Poco después empezaron a ocurrir cosas extrañas en prisión. La llevaron a fotografiarse. Primero vestida contra una pared. Después completamente desnuda. «Me dijeron: "Desnúdate, vamos a seguir haciendo fotografías". Pregunté para qué y me contestaron: "Porque hace falta". Después volvieron a sacarme para hacerme fotos delante de una sábana blanca. Cuando regresé a la celda, las otras empezaron a preguntarse por qué: ese tipo de fotografías se hacía cuando alguien iba a salir del SIZO. Pero a mí me acababan de caer 15 años».
Esa misma noche entró otra mujer en una celda en la que ya no quedaban camas libres. Los funcionarios dijeron que sería «por poco tiempo». Cerca de la una de la madrugada pronunciaron los dos apellidos. «Nos dijeron: "Recoged todas vuestras cosas. Os felicitamos, vais de intercambio a vuestra querida Ucrania". Empezamos a recoger. Y las chicas me preguntaban: "Vera, nosotras rezábamos a Putin para conseguir la amnistía. ¿Tú a quién rezabas para que ahora te vayas a casa?". Llevaban tres meses preguntándome si iba a besar el retrato del tío Vova. Yo siempre decía que ya lo haría cuando saliera. Cuando estaba atándome los zapatos para marcharme volvieron a preguntarme: "¿Entonces vas a besar al tío Vova?". Y les dije: "Claro. Yo tengo mi propio tío Vova: Volodímir Alexandrovich Zelenski". En ese momento se abrió la puerta y salí. Ya no pudieron contestarme».

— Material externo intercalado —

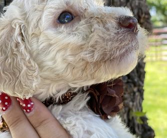 Lennie is a male Poodle. Carefully selected as a great representative of his breed, Susen decided to make him part of their program. Susen has passed Good Dog’s screening process, which involved a review of their breeding practices, environment, and the mental and physical health of their dogs.
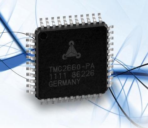 該芯片采用多芯片模組封裝技術(shù),將驅(qū)動(dòng)器和放大器封裝在一個(gè)芯片內(nèi),實(shí)現(xiàn)了最低功耗,目前可用于4安培的步進(jìn)電機(jī)驅(qū)動(dòng)器。TMC2660的Rds為65毫歐,于4安培電流的情況下工作只耗能2.8瓦,與之前最具競(jìng)爭(zhēng)力的解決方案相比減少了85%。新芯片的低能耗消除了對(duì)散熱器的需求,實(shí)現(xiàn)了高集成的面板設(shè)計(jì)、減少了元件的數(shù)量并降低成本。
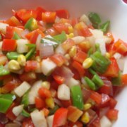 青辣椒、红辣椒、山药、胡萝卜、玉米、洋葱、盐、油。
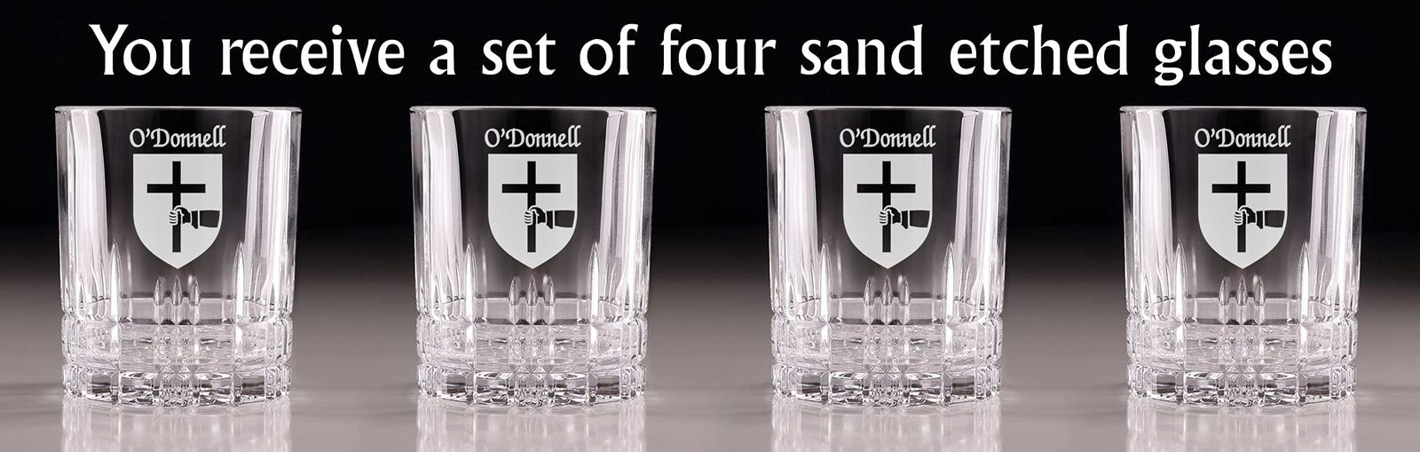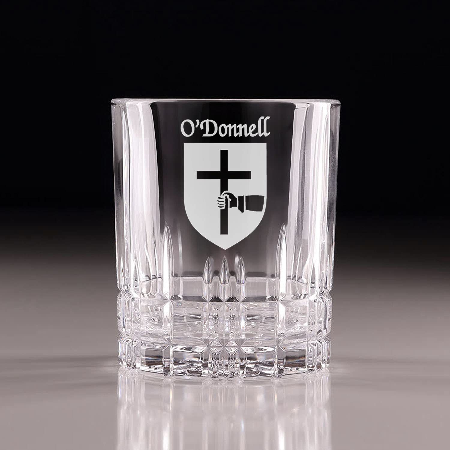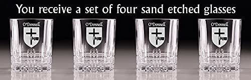 Product description: O'Donnell Irish Coat of Arms Cut Glass Tumblers - Set of 4. Pour your favorite beverage and enjoy it in luxury! These Spiegelau Perfect Serve double old fashioned glasses are the perfect way to elevate your home glassware! Featuring an elegant retro, cut-glass design and your very own Irish Coat of Arms expertly hand-sandblasted onto each tumbler, this glass is sure to impress! Made with Spiegleau's unique Platinum Glass process to eliminate imperfections in the glass, they're thick-walled, heavy weighted, and crystal clear!
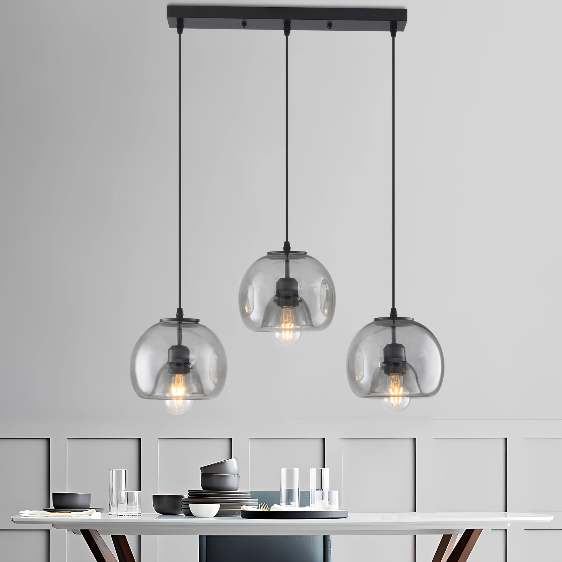 Upgrade your dining area or kitchen island with this contemporary 3-light pendant lamp. Featuring smoked glass shades and an adjustable suspension, it combines style and functionality to create a warm and inviting atmosphere. Perfect for modern dining rooms, kitchens, or bar spaces, this pendant light adds a touch of sophistication to any interior.

Después de un año detenida, Vera Biryuk regresó la zona controlada por Ucrania. Ahora, con 34 años, vive en Kiev y cuando piensa en el próximo invierno habla de posibles cortes de calefacción, de sistemas alternativos para calentarse y de otra manera de medir las dificultades. "En mi edificio probablemente no habrá calefacción central este invierno. Buscaremos otras formas de calentarnos. Sí, será un invierno duro. Pero lo más importante es que no estamos bajo los rusos. Estamos en Ucrania, bajo nuestro propio cielo libre. Será un invierno difícil, pero será un invierno en nuestro país libre".
What to Watch
AI outlook — possibilities, not facts
Vera Biryuk continuará denunciando públicamente las torturas y detenciones arbitrarias en territorios ocupados por Rusia.
Likely · Within months
El Centro para las Libertades Civiles presentará nuevos casos ante instancias internacionales similares al de Biryuk para demostrar el patrón sistemático de abusos.
Very likely · Within months
Open Questions
- ¿Qué pruebas concretas tuvo la fiscalía rusa para sustentar la acusación de atentado contra Vera Biryuk?
- ¿Cuántos civiles ucranianos han sido sometidos a interrogatorios similares con torturas eléctricas en los SIZO de territorios ocupados?
- ¿Qué mecanismos de intercambio de prisioneros existen entre Ucrania y Rusia para civiles detenidos arbitrariamente?